Avec Black Book, l’objectif avoué du réalisateur Paul Verhoeven est double, plaire à un plus large public possible et se réconcilier avec la critique. Des films comme Total Recall ou Robocop ont cartonné au box office et ont même gagné au fil des ans le statut si envié de films cultes, mais certains lui reprocheront toujours d'être un cinéaste vulgaire (le sexe et la violence) et de se complaire dans le genre films de science-fiction (un genre qui suscite le dédain de la critique). Les scènes de sexe et la violence exacerbée sont courants dans ses films et si vous ajoutez les flops majeurs (mais occasionnels) de Showgirls ou Hollow Man, on peut aisément comprendre pourquoi le travail de Paul Verhoeven n'est pas toujours pris au sérieux. Et pourtant, Black Book mérite notre plus grand respect.

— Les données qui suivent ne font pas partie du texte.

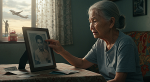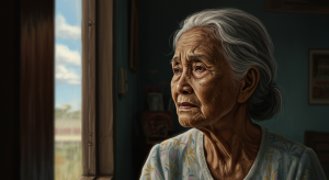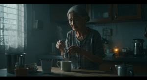 Sa dilim pa ng umaga, gising na si Aling Nena. Humigit-kumulang 60 anyos, payat, nakadamit ng kanyang simpleng daster, tahimik siyang naglalakad sa sala, ang kanyang mga yapak ay halos hindi marinig. Ang bahay aytahimik, ngunit sa puso niya, ang ingay ng pag-aalala ay malakas. Ang mga kunot sa kanyang noo ay parang mga mapa ng mga labanang pinagdaanan, at ang kanyang mga mata,puno ng pag-aalala, ay naghahanap ng kasagutan sa mga tanong na hindi masabi. Sa kusina, habang nagtitimpla ng kape, naririnig niya ang mga tunog ng mundongunti-unting nagigising – ang tahol ng aso sa malayo, ang businang nagmamadali, ang banayad na simoy ng hangin na nagdadala ng amoy ng lupa. Sa bawat paghalo niya sa kape, tila binabalot siya ng isang kakaibang kalungkutan.

Israël en 1956, un car de touristes s’arrête dans un kibboutz. L’une des passagères y reconnaît une enseignante, Rachel Stein (la sublime Carice van Houten), avec qui elle a vécu des moments terribles pendant la guerre. Alors que son amie s’en va, Rachel repense aux évènements qui se sont déroulés en 1944 en Hollande. Elle était alors une chanteuse de cabaret accomplie, mais également juive. Elle se cachait, attendant la fin de la guerre. Mais alors qu'elle essaie de fuir avec d’autres Juifs, le groupe est pris dans une embuscade et elle est la seule à en réchapper. Un peu plus tard, elle commence à travailler pour la résistance et infiltre la Gestapo, séduisant un officier de haut rang appelé Muntze (Sebastian Koch).
Black Book équivaut à un jeu du chat et de la souris, impliquant espionnage, contre-espionnage, opérations de propagande et réseaux de résistance. Infiltrée dans la Gestapo, Rachel (renommée entre-temps Ellis) est déchirée entre les horreurs infligées à ses amis et le double jeu qu'elle doit assumer pour tenter de les sauver. Peu à peu, une relation amoureuse et sincère se construit entre Rachel et Muntze. Anticipant la fin de la guerre, il devient clair que Muntze risque sa vie pour essayer de limiter le nombre des victimes et la souffrance des deux côtés, alors que certains combattants de la résistance se vendent aux nazis pour le profit. Comme Rachel, Muntze a dû surmonter de grandes pertes et leur humanité à tous les deux, est un pont qui les rapproche.
Rachel/Ellis est jouée par Carice van Houten, une actrice du cinéma néerlandais plus connue maintenant pour son rôle dans la série Game of Thrones. Elle brille de mille feux sous la caméra de Paul Verhoeven, qui voit en elle la nouvelle Sharon Stone. Il y a cette curieuse sensation de voir sous nos yeux, une star en devenir. Son personnage doit s’adapter à de nombreuses situations périlleuses, mais il y a une détermination sous-jacente et une capacité à s'adapter à toutes les situations, qui font que de tels traits de caractère semblent être innés (et non scénarisés) chez elle. On partage son combat émotionnel et on admire son courage pour s'opposer à la Gestapo, qui pourtant est loin d'être stupide. Le film vaut la peine d’être vu, rien que pour sa performance magistrale. Mention spéciale aussi à l'acteur allemand Sebastian Koch (aka Georg Dreyman dans La Vie des autres), toujours aussi charismatique.
Black Book est un cas curieux. D'une part, il se présente comme un film quasi documentaire, basé sur des faits et des personnages réels. D'autre part, il accumule les faits de bravoure et les rebondissements qui le rapprocheraient presque d'un film à la James Bond (des héros plus grands que nature). Les scènes d'évasions sont haletantes, les scènes de sexe sont torrides et le suspense est maintenu jusqu'au bout. Le style de Paul Verhoeven ne peut pas plaire à tout le monde, mais avec Black Book et son retour au pays, il montre qu'il n'a rien perdu de son talent ni de son mordant.